A slight majority, 52%, said they opposed the healthcare legislation that Obama signed. Forty-four percent said they supported it. [For the record: An earlier version of this story incorrectly said 44% said they opposed it.]

Thirty-four percent of the likely voters surveyed believed their families would benefit from the healthcare provisions contained in the legislation; 58% said their families would not benefit.

Democrats have a better public image on the question of “getting things done,” by a margin of 41% to 32% in the survey. But only 36% of those surveyed said the country was headed in the right direction, with 55% saying the nation was on the wrong track.

More than two-thirds of the likely voters surveyed, 68%, voiced disapproval for the job that Congress was doing.
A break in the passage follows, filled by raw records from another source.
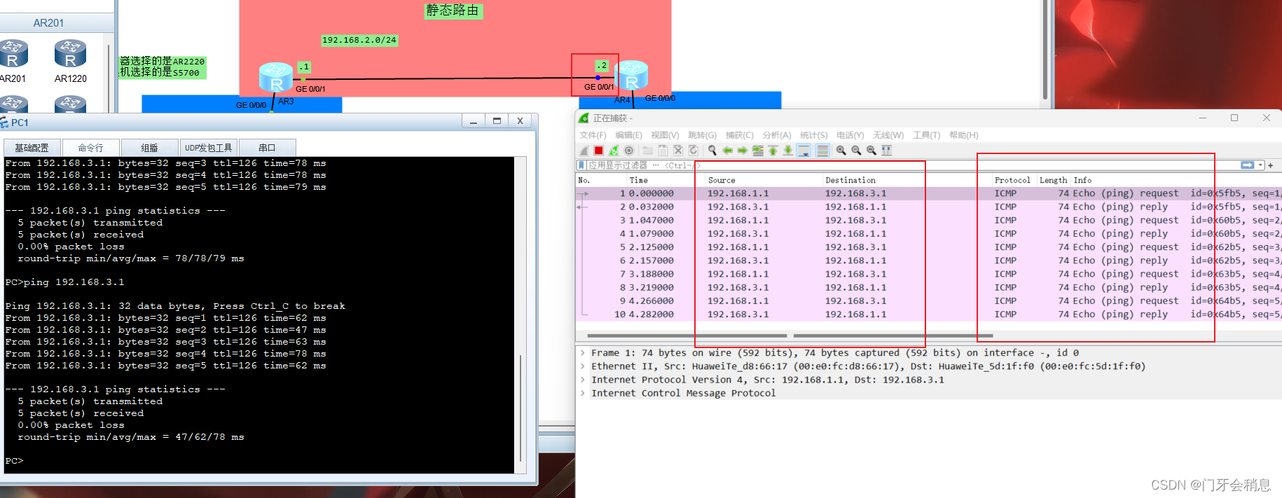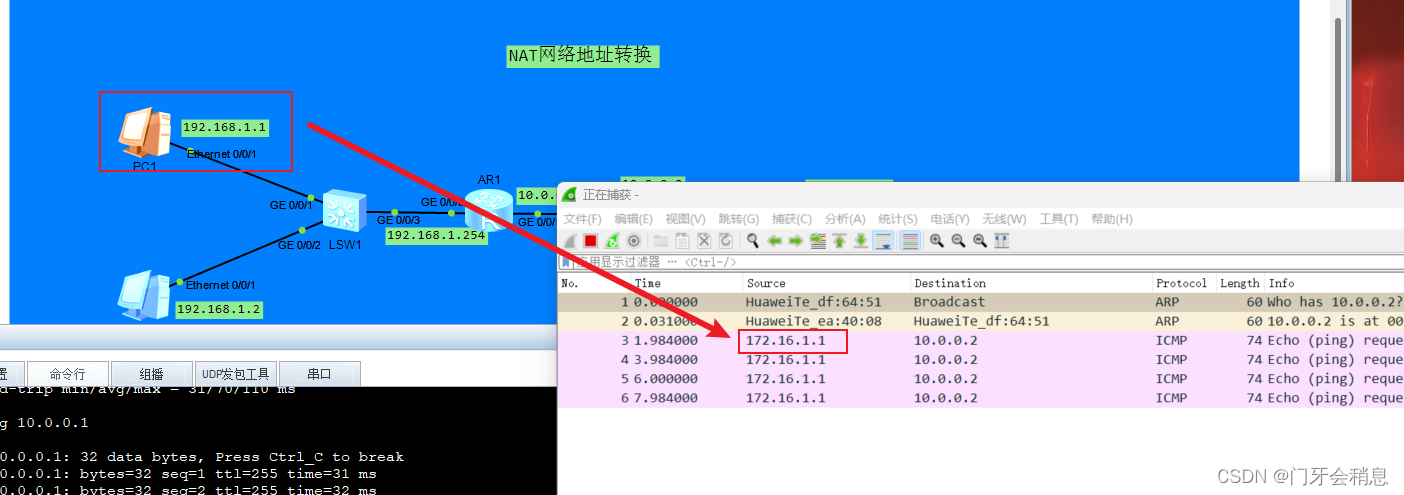 1、静态NAT:(将PC1对的ip地址转化成172.16.1.1,在AR2的G0/0/0端口进行抓包可以看得到地址转成了B类地址)
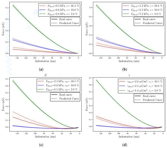 The final hyperparameters and model architecture obtained through the optimization process are presented in Table 2. Regarding the evaluation metric of the models, despite being easy to understand what is the impact of a certain relative error in the values of both target properties, it is not that intuitive to realize what its consequences are in an AFM F-I approach curve. To bridge this gap, regarding the Hertz FCNN, graphs presented in Figure 6a,b depict a comparison between the actual synthetic curves and the curves that would be produced with the predicted stiffness for that instance, obtained for different models developed along this work, with relative errors of , and higher than . For the JKR FCNN, it is also important to infer if one of the material parameters has a higher influence than the other. Figure 6c,d show that for the same F-I curves with similar relative error values for the Young’s modulus and adhesion energy, the first parameter has a higher impact on the predicted curves; hence, if we would have to prioritize the improvement on the prediction of one property, it would be the Young’s modulus.
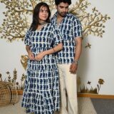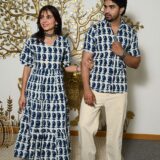 This White And Blue Printed couple matching outfit includes a women?s flowy cotton midi dress and a men?s short-sleeve printed shirt. Designed with cheerful yellow floral prints, this set is perfect for summer outings, casual gatherings, or twinning on vacations.
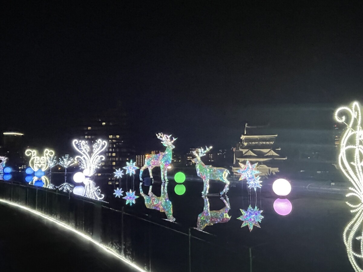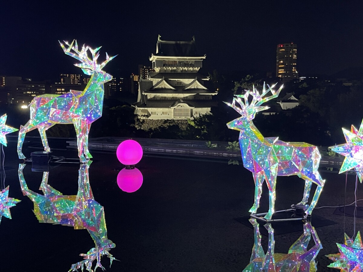 5階のルーフガーデンでは、「お城の見えるきらめきガーデン」と題し、小倉城とイルミネーションのコラボレーションを楽しめます。
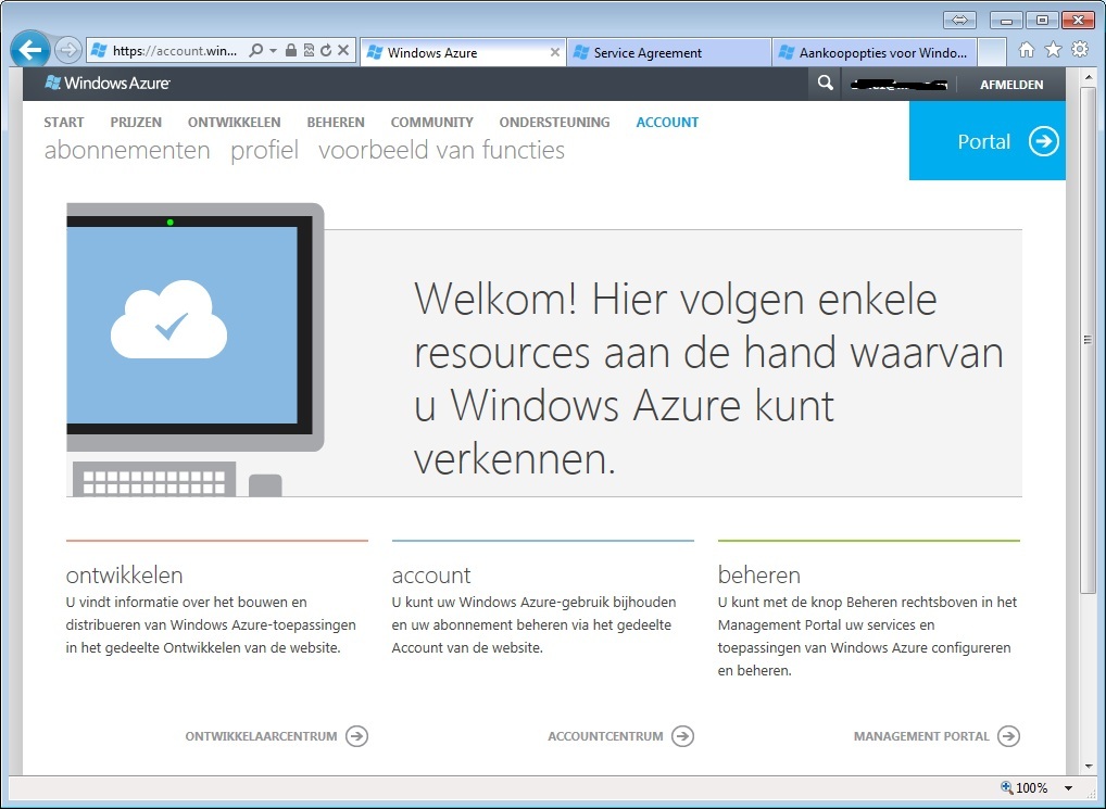 et voila! our Azure acount is ready for use! If all goes well next screen you’ll see is the main welcome screen for Azure. Note that the website is shown in the language of your computer’s localization setting (Dutch – Belgium in my case).
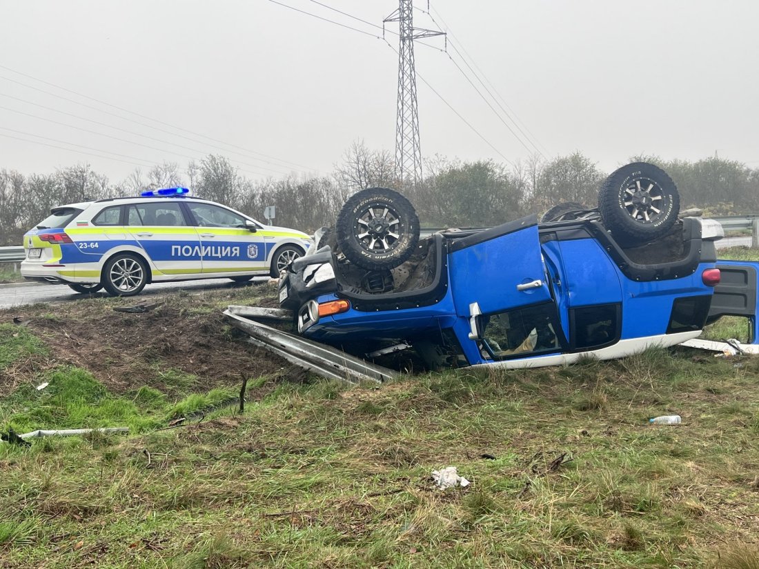 Инцидентът е станал днес в 09:46 часа в района на пътния възел при с. Ягода, в посока Стара Загора, съобщиха от полицията. По първоначална информация автомобилът, управляван от 68-годишния мъж, се е обърнал встрани от пътното платно.
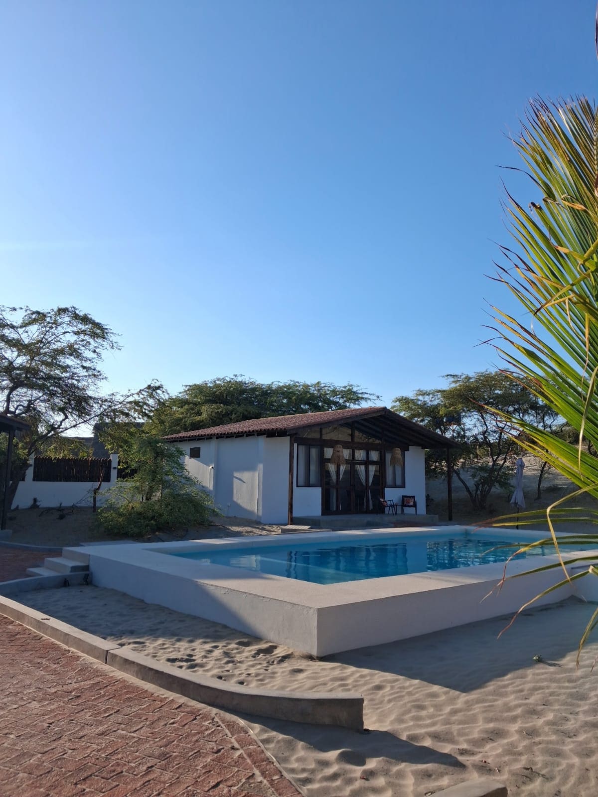 Es un bungalow de 2 dormitorios para 6 personas a pie del mar con un kitchenette muy cómodo, y una acogedora y amplia terraza, y rica piscina recirculada, escuchando las olas, mirando las ballenas y respirando aire fresco. Campo y playa a tus pies. La vacación perfecta! El número de habitaciones disponibles es 2, dependerá del número de huéspedes en tu grupo. El bungalow es solamente para ustedes y nadie más. Tendrás una estadía inolvidable de mar tibio y playa exclusiva para tu grupo.
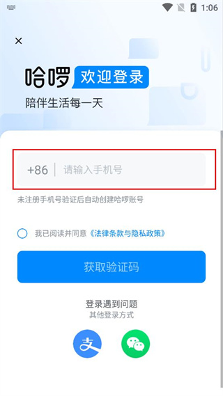 2、在登录页面的对应输入框,填写需要登录的手机号码,找到相关协议的勾选框。
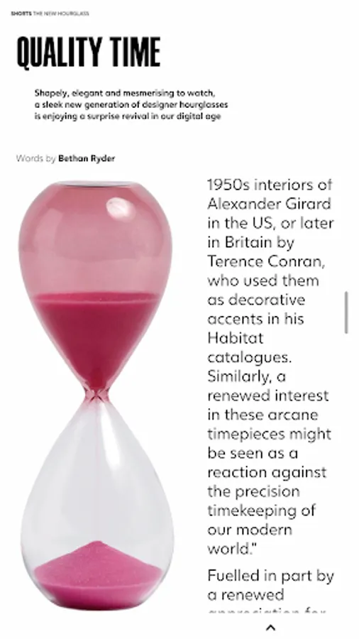 Writers for the title include Erin Baker, Andrew Frankel and Simon de Burton on cars and motorsport, Jonathan Glancey and Stephen Bayley on design, Patrick Bishop and Guy Walters on history, Tina Gaudoin, Laura Craik, Hannah Betts and Josh Sims on style and Simon Barnes and Patrick Barkham on the natural world.
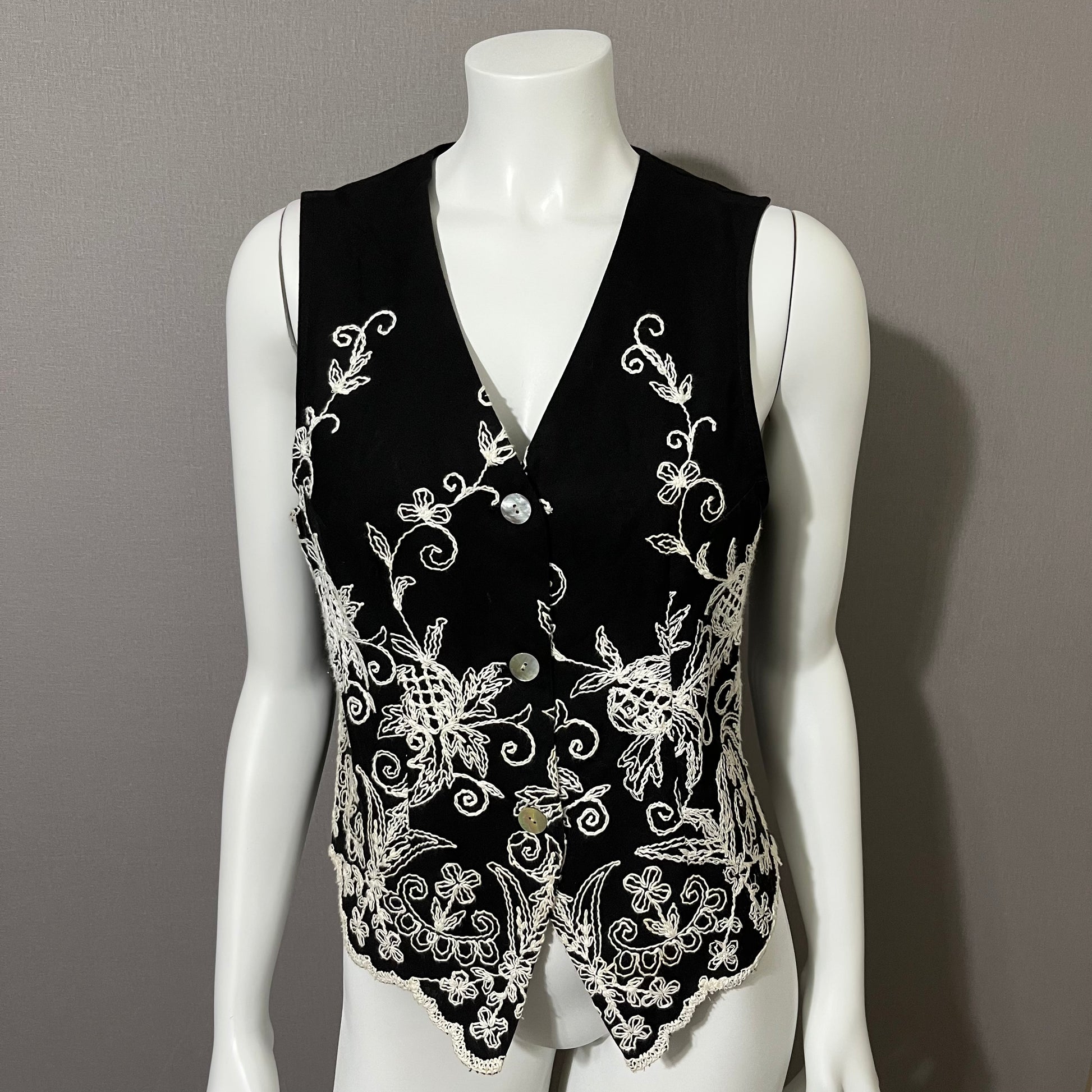Vintage Sophisticates Black Embroidered Cotton Vest Sz-Small
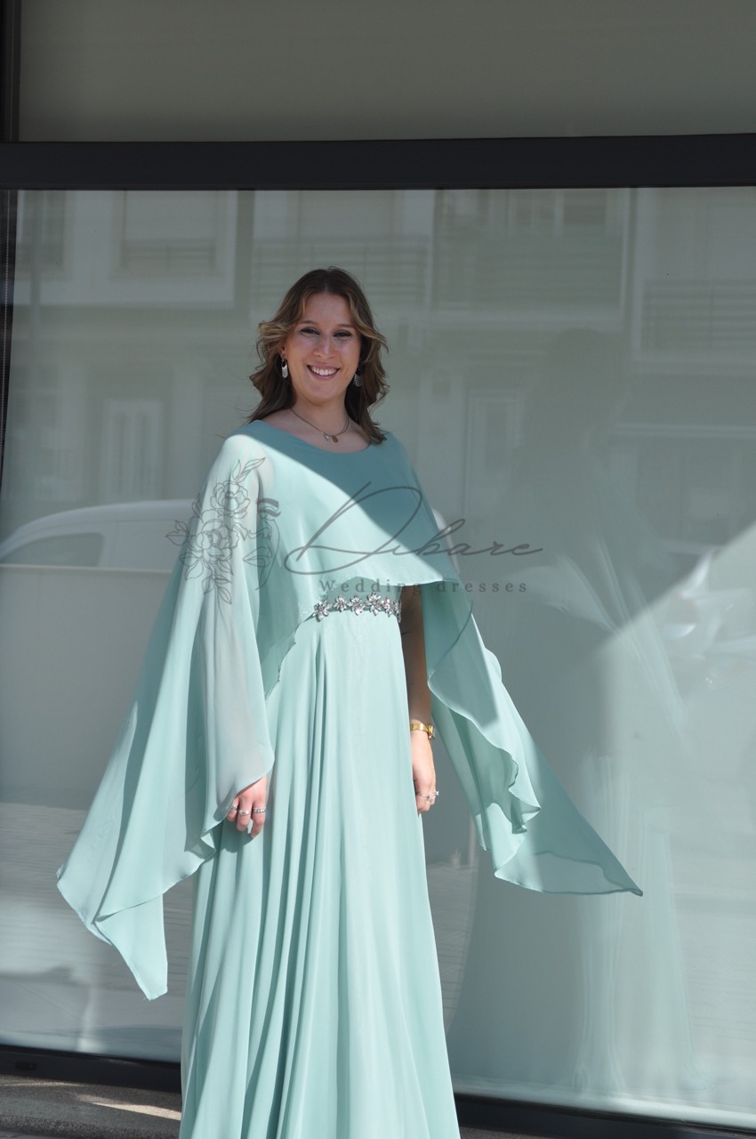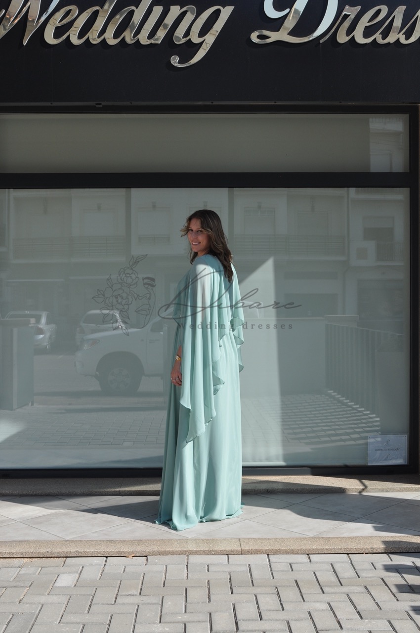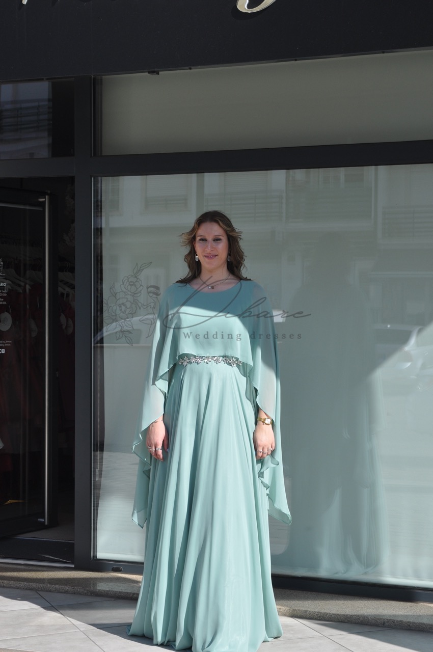 Este magnífico vestido de cerimonia num suave tom de verde água é a definição de elegância etérea e refinamento. Com uma silhueta longa e fluida, a peça destaca-se pelo seu design sofisticado que combina conforto e glamour de forma harmoniosa. O corpete é adornado com uma delicada capa de chiffon sobreposta, que flui suavemente sobre os ombros e braços, criando um movimento romântico e uma cobertura discreta. A cintura é acentuada por um detalhe de bordado cintilante, que adiciona um ponto de luz luxuoso e define a silhueta com graciosidade. A saia de corte evasé cai com leveza até ao chão, proporcionando um caminhar fluido e majestoso.
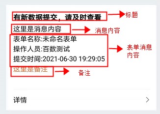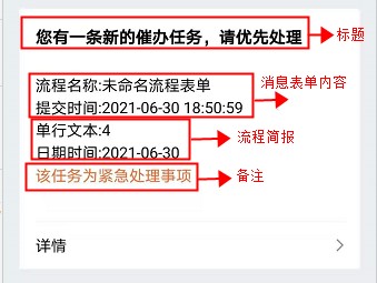 注意:由于企业微信对于消息内容长度有限制,当企业微信消息模板设计的内容过多时,可能会导致收到的内容不全,设计时注意避免!
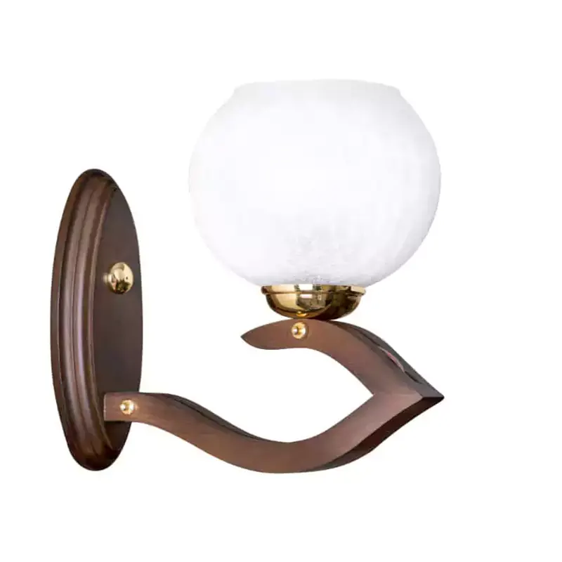 حباب شفاف، نور را به طور یکنواخت و ملایم پخش میکند و از تابش نور شدید و ناراحتکننده جلوگیری میکند. بدنه چوبی قهوهای تیره، با بافت طبیعی چوب، حس گرمی و لوکس ایجاد میکند. این ترکیب، نورپردازی ای را ارائه میدهد که هم زیبا است و هم احساس آرامش را در فضا ایجاد میکند.
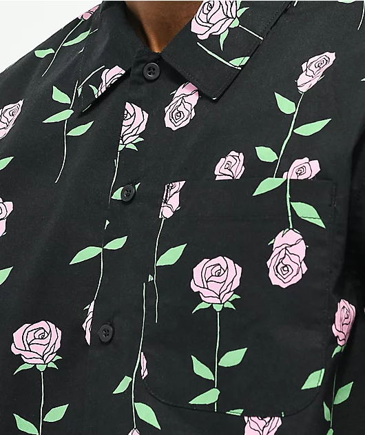 Empyre Rose Petals Black Short Sleeve Button Up Shirt
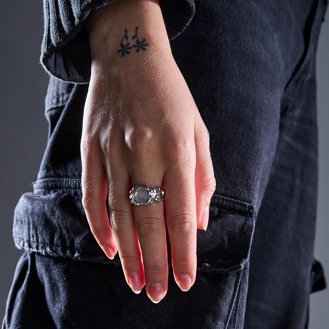 The curves and lines of the ring reflect the dance of spirits, capturing their essence in a tangible form and the translucent Moonstone that reflects mystical colors.
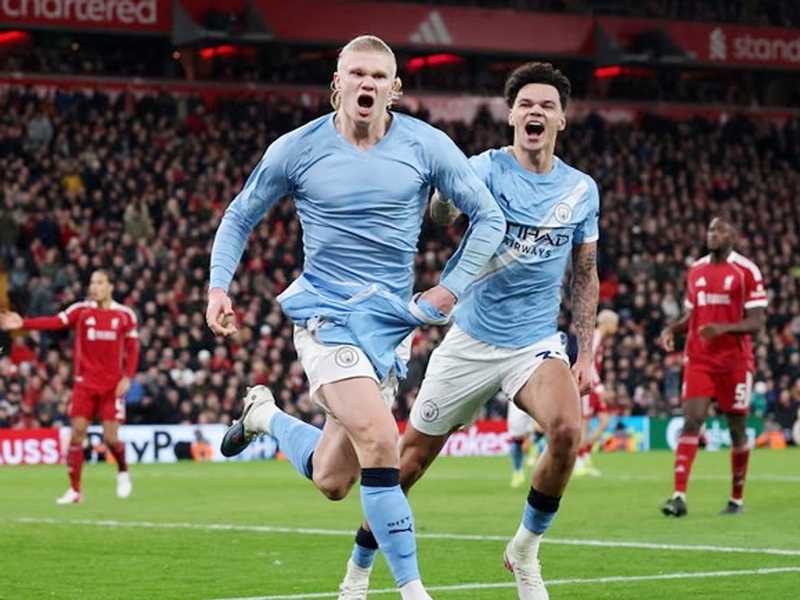 وتقدم ليفربول بهدف رائع لنجمه دومينيك سوبوسلاي في الدقيقة 74 قبل ان يتعادل برناردو سيلفا للسيتي في الدقيقة 84، ثم يدرك ايرلنغ هالاند هدف الفوز من ركلة جزاء في الدقيقة 93 من الوقت بدل الضائع الذي شهد اشهار البطاقة الحمراء لسوبوسلاي بعد اعاقته لهالاند المنفرد بالمرمى، في الدقيقة 98 لينتهي بعد ذلك اللقاء بفوز صعب للسيتي.
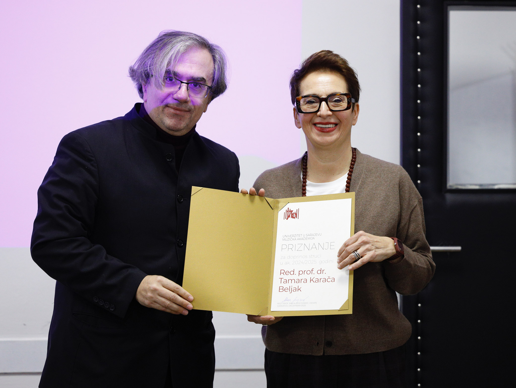 Nakon predstavljanja sadržaja monografije "70 godina Muzičke akademije Univerziteta u Sarajevu", kao svjedočanstva o radu i postignućima ostvarenim u protekloj deceniji (2015–2025), dekan prof. mr. Ališer Sijarić osvrnuo se na uspjehe akademskog osoblja tokom 2025. godine. Istakao je izuzetne rezultate ovogodišnjih dobitnica nagrada Univerziteta u Sarajevu te čestitao asst. dr. Hanan Hadžajlić (Nagrada za poseban doprinos umjetnosti za 2024. godinu), prof. dr. Belmi Alić (Nagrada za višegodišnji doprinos umjetnosti) i prof. dr. Nermi Hodžić-Mulabegović (Nagrada za doprinos u disciplinama od posebnog nacionalnog značaja za 2024. godinu), nakon čega je dodijelio godišnje nagrade Muzičke akademije UNSA.

This sentiment was strongest among Republicans -- 92% voicing disapproval -- and among independent voters, with 70% voicing disapproval.

Forty-nine percent of those surveyed voiced approval for the job Obama was doing - a number similar to findings of the Gallup Poll and CNN and Opinion Research Corp. this week.

Yet Obama remains personally popular in the Battleground Poll, with 69% offering a positive opinion of him as a person.

In the generic question of which party’s congressional candidates voters would be most likely to support in November, Republicans drew 42% of those surveyed and Democrats 40%, a statistical tie.

The survey of 1,000 registered, likely voters conducted April 5-8 by the Tarrance Group and Lake Research for George Washington University carrieed a possible margin of error of plus or minus 3.1 percentage points.